Hello,
I haven't played with slurm in k8s but I did attend this talk :
https://fosdem.org/2024/schedule/event/fosdem-2024-2590-kubernetes-and-hpc-bare-metal-bros/
Which shows at least someone was able to do so and maybe it'll be worth
to talk to her about it. I wanted to ask her for the code to reproduce
her experiment but I don't have the time yet to do so.
Regards,
Sylvain Maret
On 13/03/2024 11:04, Nicolas Greneche via slurm-users wrote:
CAUTION : External Sender. Please do not click on links or open
attachments from senders you do not trust.
Hi Alan,
Your topic is indeed my PhD thesis (defended late november). It consists
in building autoscaling HPC infrastructure in the cloud (in a compute
node provisioning point of view). In this work I show that kubernetes
default controllers are not well designed for autoscaling containerized
HPC clusters [1] and I wrote a super basic K8s controller for OAR [2]
(another scheduler developped at INRIA). This controller deserves a
rewrite, it's only a proof of concept ^^.
My guess is that you have nesting issues with cgroup/v2 inside your
containerized compute node (those that runs slurmd) ? If it's the case
may be you can use katacontainers [3] instead of CRI-O as a container
engine [4] (I made it in 2021). The main asset of katacontainers is that
it can use KVM.
The consequence is that your CPU is a "real" vcpus and not a quota
enforced by cgroups. I noticed that with kata, my slurmd containers had
a cpuinfos / nproc that reflected the limits enforced in my K8s
manifest. I didn't went deep with kata because I focused on "controller"

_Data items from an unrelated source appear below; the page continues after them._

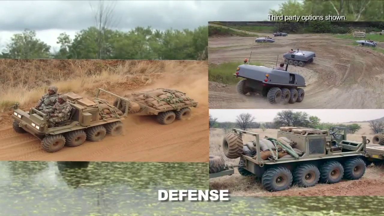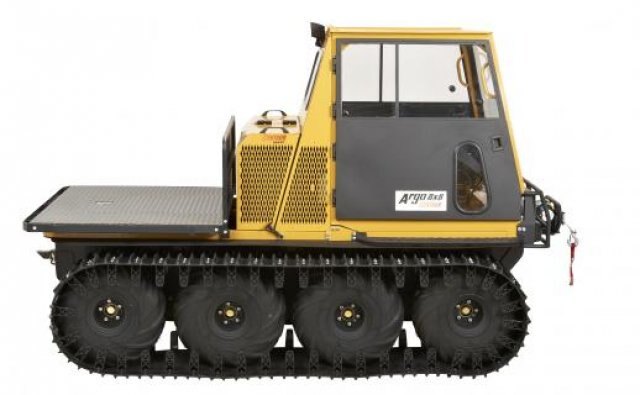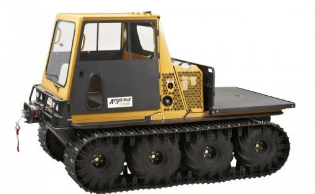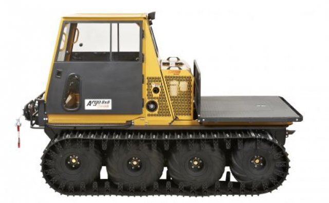 This 8-wheel-drive off-road vehicle is powered by a 952 cc (58 cu. In.) liquid-cooled, 3-cylinder Briggs and Stratton Daihatsu Turbo-Charged diesel engine. The engine provides 34 hp (25.3 kW) and 58 lb. ft. of torque to the Centaurmatic dual-differential two-speed transmission. It has a load capacity of up to 2,000 lb. / 907 kg, transports up to 2 people, and tow trailers with a capacity of 2,200 lb. / 998 kg. |
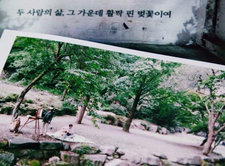 숲을 거닐다 부부 중 한 분은 자연을 벗 삼아 그림을 그리고, 한 분은 기타를 연주하는 모습을 보았습니다. 두 분 모습이 '두 사람의 삶, 그 가운데 활짝 핀 벚꽃'처럼 한 폭의 그림 같았습니다.
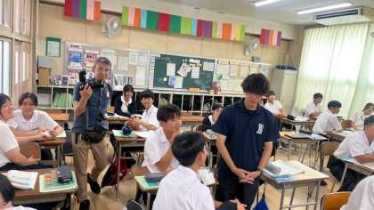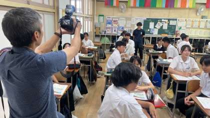 今日は写真屋さんが来られて、3年生の卒業アルバム作成に向けた授業風景をされています。普段どおり授業に集中している様子を写真に収めてもらいましょう。放課後には部活動写真の撮影があります。
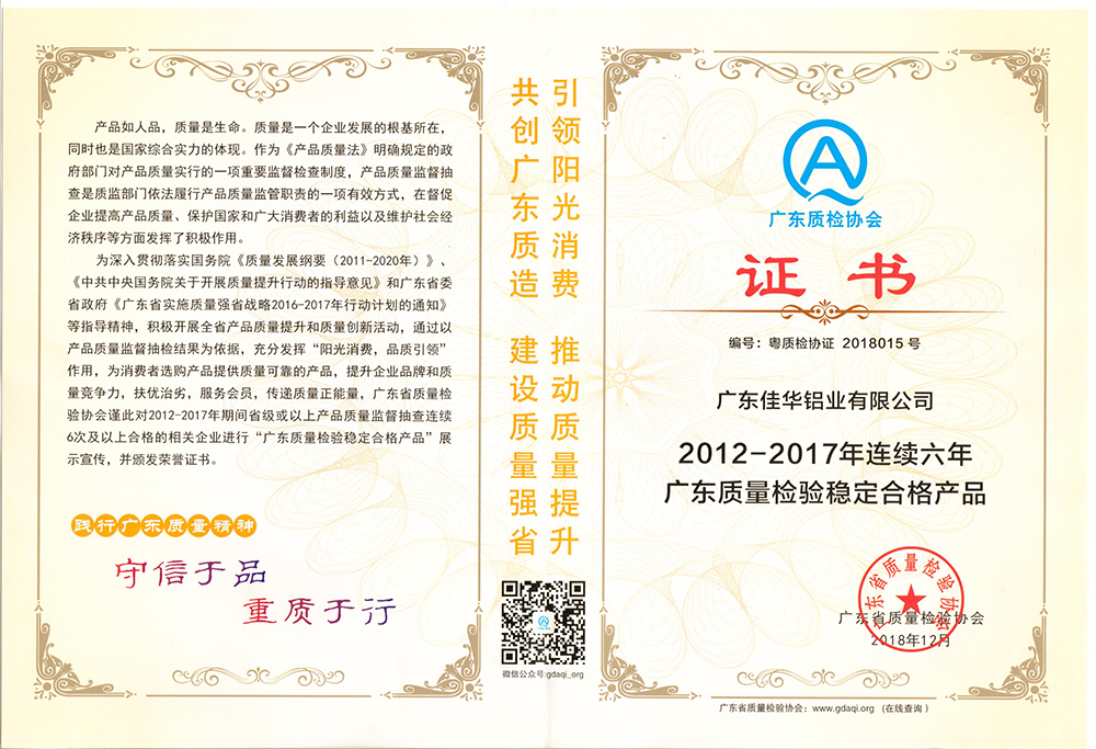 2018年12月,佳華鋁業再次榮獲“2012-2017年連續六年廣東質量檢驗穩定合格產品”證書,體現了行業對于佳華鋁業產品質量的認可。

aspect of things. But using KVM may hide the nesting of cgroups to
slurmd ?
I hope this help !
Kind regards,
[1] A methodology to scale containerized HPC infrastructures in the
Cloud Nicolas Greneche, Christophe Cérin and PTarek Menouer at
Euro-par 2022
[2] Autoscaling of Containerized HPC Clusters in the Cloud Nicolas
Greneche, Christophe Cerin at SuperCompCloud: 6th Workshop on
Interoperability of Supercomputing and Cloud Technologies (Held in
conjunction with SC'22)
[3] https://katacontainers.io
[4]
https://github.com/kata-containers/documentation/blob/master/how-to/run-kata-with-k8s.md
Le 13/03/2024 à 09:06, LEAVY Alan via slurm-users a écrit :
I’m a little late to this party but would love to establish contact with
others using slurm in Kubernetes.
I recently joined a research institute in Vienna (IIASA) and I’m getting
to grips with slurm and Kubernetes (my previous role was data
engineering / fintech). My current setup sounds like what Urban
described in this thread, back in Nov 22. It has some rough edges
though.
Right now, I’m trying to upgrade to slurm-23.11.4 in Ubuntu 23.10
containers. I’m having trouble with the cgroup/v2 plugin.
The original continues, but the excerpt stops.